EXERCISE DESCRIPTION >> From the listing below, set down exactly the lines between the one holding "Ferienwohnung mit Blick" and the one holding "Процесс в котором", inclusive. No other line is wanted.

RECORDS SUPPLIED >>
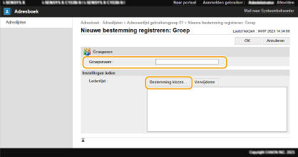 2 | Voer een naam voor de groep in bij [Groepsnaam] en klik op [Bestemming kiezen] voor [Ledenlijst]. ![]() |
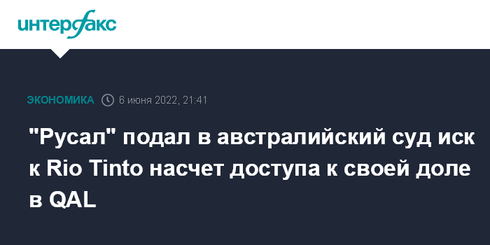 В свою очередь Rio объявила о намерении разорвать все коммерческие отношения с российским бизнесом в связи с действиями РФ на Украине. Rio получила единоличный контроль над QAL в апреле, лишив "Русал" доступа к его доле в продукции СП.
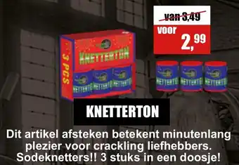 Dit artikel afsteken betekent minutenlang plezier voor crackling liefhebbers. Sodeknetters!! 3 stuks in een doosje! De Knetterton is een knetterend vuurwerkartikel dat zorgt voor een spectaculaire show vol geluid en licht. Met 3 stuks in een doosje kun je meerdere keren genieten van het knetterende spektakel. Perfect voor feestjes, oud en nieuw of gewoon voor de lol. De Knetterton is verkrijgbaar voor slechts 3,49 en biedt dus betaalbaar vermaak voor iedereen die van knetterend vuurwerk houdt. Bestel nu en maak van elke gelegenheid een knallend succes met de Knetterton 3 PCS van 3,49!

...

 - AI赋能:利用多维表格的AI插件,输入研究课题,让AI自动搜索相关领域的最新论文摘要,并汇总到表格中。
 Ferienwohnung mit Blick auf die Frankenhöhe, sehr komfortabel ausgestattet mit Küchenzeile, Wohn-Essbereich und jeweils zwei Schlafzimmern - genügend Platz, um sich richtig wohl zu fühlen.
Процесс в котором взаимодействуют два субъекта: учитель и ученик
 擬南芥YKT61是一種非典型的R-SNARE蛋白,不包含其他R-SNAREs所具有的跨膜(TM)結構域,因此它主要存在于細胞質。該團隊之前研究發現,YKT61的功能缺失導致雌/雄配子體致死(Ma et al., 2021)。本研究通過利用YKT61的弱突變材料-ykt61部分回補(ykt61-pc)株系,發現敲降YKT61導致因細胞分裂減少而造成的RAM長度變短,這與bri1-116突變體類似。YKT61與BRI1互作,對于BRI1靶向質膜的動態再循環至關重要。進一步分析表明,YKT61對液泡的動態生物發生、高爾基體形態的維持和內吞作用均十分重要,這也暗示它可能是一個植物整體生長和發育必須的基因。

TASK SOLUTION >>
 Ferienwohnung mit Blick auf die Frankenhöhe, sehr komfortabel ausgestattet mit Küchenzeile, Wohn-Essbereich und jeweils zwei Schlafzimmern - genügend Platz, um sich richtig wohl zu fühlen.
Процесс в котором взаимодействуют два субъекта: учитель и ученик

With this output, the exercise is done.